Automatic upgrade: If a skill’s failure_count ≥ 2, the server calls try_improve(slug). The distiller loads bad-feedback workflows whose tool sequence overlaps the tools referenced in that skill’s SKILL.md (built-in names in backticks). It sends the current body plus excerpts of bad sessions to the LLM, which returns either improved: false or a new full body + reason.

Persist: SkillRegistry.upgrade_package(slug, new_body, reason) bumps the version and keeps history as implemented in the registry.

Manual: The UI can also call POST /api/skills/{slug}/improve to force the same path.

4. Feedback and skills¶

Module: skills/registry.py — record_feedback(slug, "good" | "bad") updates per-package success/failure counters used for growth stats and upgrade thresholds.

Explicit feedback hits /api/workflow/{session_id}/feedback and updates the workflow JSON and package stats.

5. Implicit feedback¶

Optional: When the client sends implicit feedback mode with the last workflow id, the next user message is classified by an LLM (_classify_implicit_feedback in app.py) against the previous reply’s conclusion.

If the verdict is good or bad and the workflow was not already rated, the same update_workflow_feedback and record_feedback paths run as for explicit 👍/👎.

6. Growth Dashboard (`get_growth_profile`)¶

Module: agent/workflow_recorder.py — get_growth_profile()

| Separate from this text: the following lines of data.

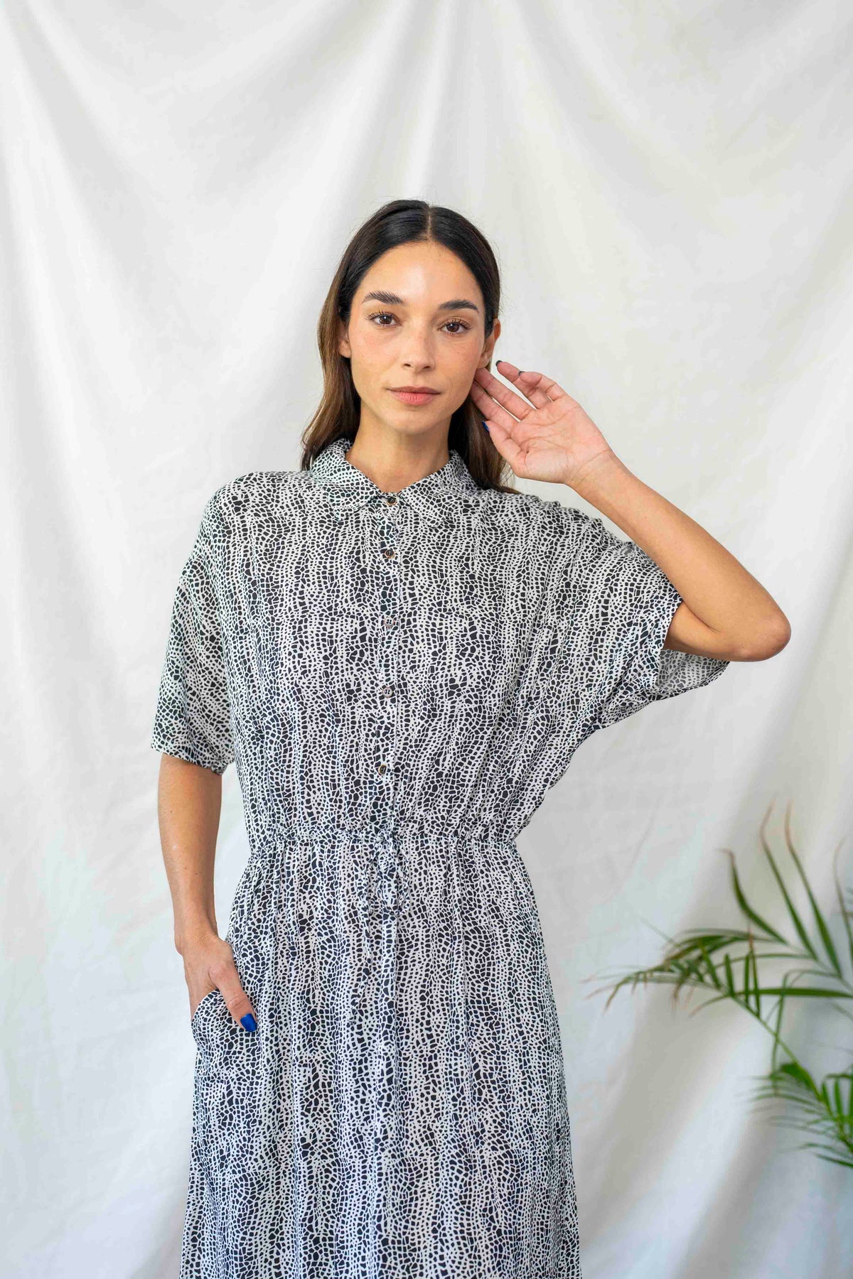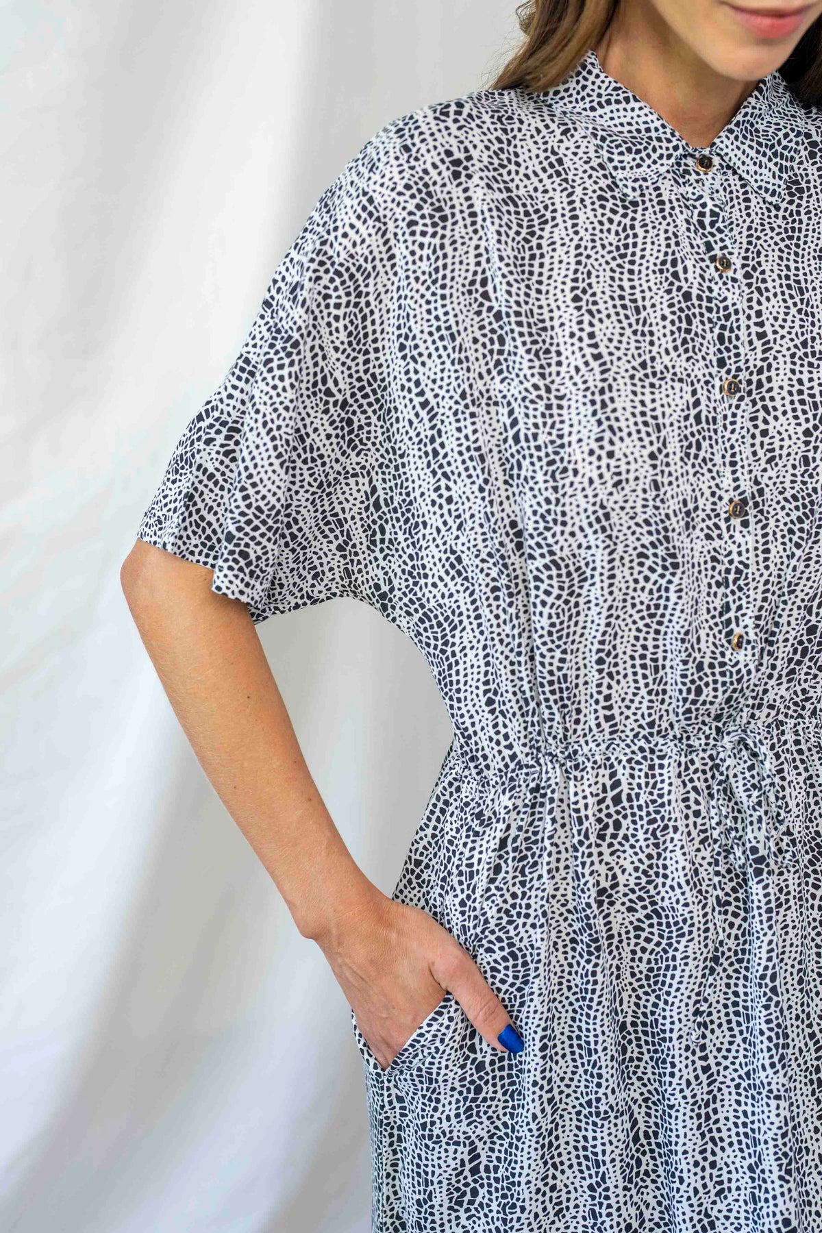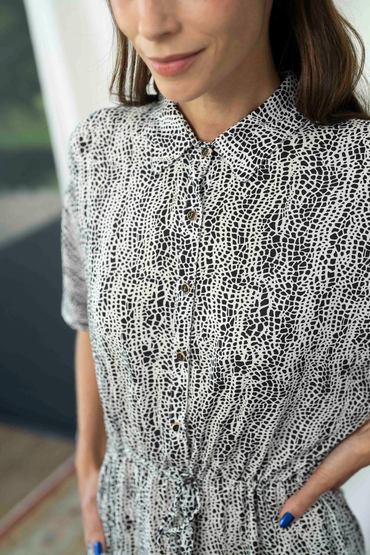 שמלת קיוטו חברבורות שחור לבן היא שמלה קלאסית על זמנית עם שובבות ורמיזה להדפס מנומר.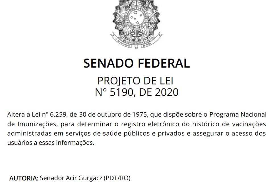 Desta forma, o PL 5190 de autoria do Senador Acir Gurgacz (PDT/RO) pretende alterar a Lei nº 6.259, de 30 de outubro de 1975, que dispõe sobre o Programa Nacional de Imunizações, para determinar o registro eletrônico do histórico de vacinações administradas em serviços de saúde públicos e privados e assegurar o acesso dos usuários a essas informações.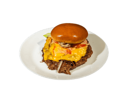 Beef patty topped with chili, jalapeños, cheese & sauce.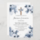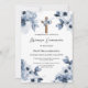 Convite de primeira comunhão floral azul em espanhol para menino.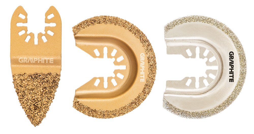 Sagblad for keramiske materialer. Med multifunksjonsverktøy muliggjør det presisjonsskjæring av fliser i rette linjer og fjerning av fugemasse.

It walks all workflow JSON files and aggregates:

Session counts, 👍/👎 counts, satisfaction rate
Domain buckets — _classify_domain() scores user text + table names against built-in keyword lists (_DOMAIN_KEYWORDS) plus data/custom_domains.json (user-defined domains from the UI)
Tool frequency across steps
Efficiency — compares average duration and step count between early and recent half of sessions (when enough data)
Timeline events — e.g. when skill_distilled appears
Milestones — derived in the same function from counts and events

The frontend calls GET /api/growth/profile to render the Growth Dashboard.

Endpoint	Purpose
`POST /api/workflow/{session_id}/feedback`	👍/👎; may trigger `try_improve` and return `skill_upgraded`
`POST /api/skills/discover`	Run pattern discovery; returns suggestions
`POST /api/skills/{slug}/improve`	Manually trigger skill upgrade from bad workflows
`GET /api/growth/profile`	Growth Dashboard payload
`POST /api/growth/domains`	Add custom domain keywords (`custom_domains.json`)
`GET /api/workflows`	List recent workflow metadata

Chat streaming may emit SSE events such as workflow_id, skill_learned, and implicit_feedback_applied — see app.py and static/app.js.

8. Files to read in the repo¶

Path	Content
`agent/workflow_recorder.py`	Workflow schema, feedback updates, `find_recurring_patterns`, `get_growth_profile`, domain keywords
`agent/skill_distiller.py`	`try_distill`, `discover`, `try_improve`, pattern mining
`agent/executor.py`	Saves workflow after run; calls `try_distill` when `auto_learn` is on
`skills/registry.py`	Package CRUD, versioning, `record_feedback`, `upgrade_package`
`app.py`	HTTP routes, implicit feedback, workflow feedback → upgrade

9. Limitations (honest scope)¶

No gradient training — evolution is prompt + JSON skill files, not model fine-tuning.
Pattern discovery is driven by identical tool sequences and heuristics; similar-but-not-identical workflows may need manual skill authoring.
Domain labels are keyword-based; they are for reporting and UX, not ground-truth classification.

For product-level behaviour (Plan Mode, multi-agent, memory), see Features and Architecture.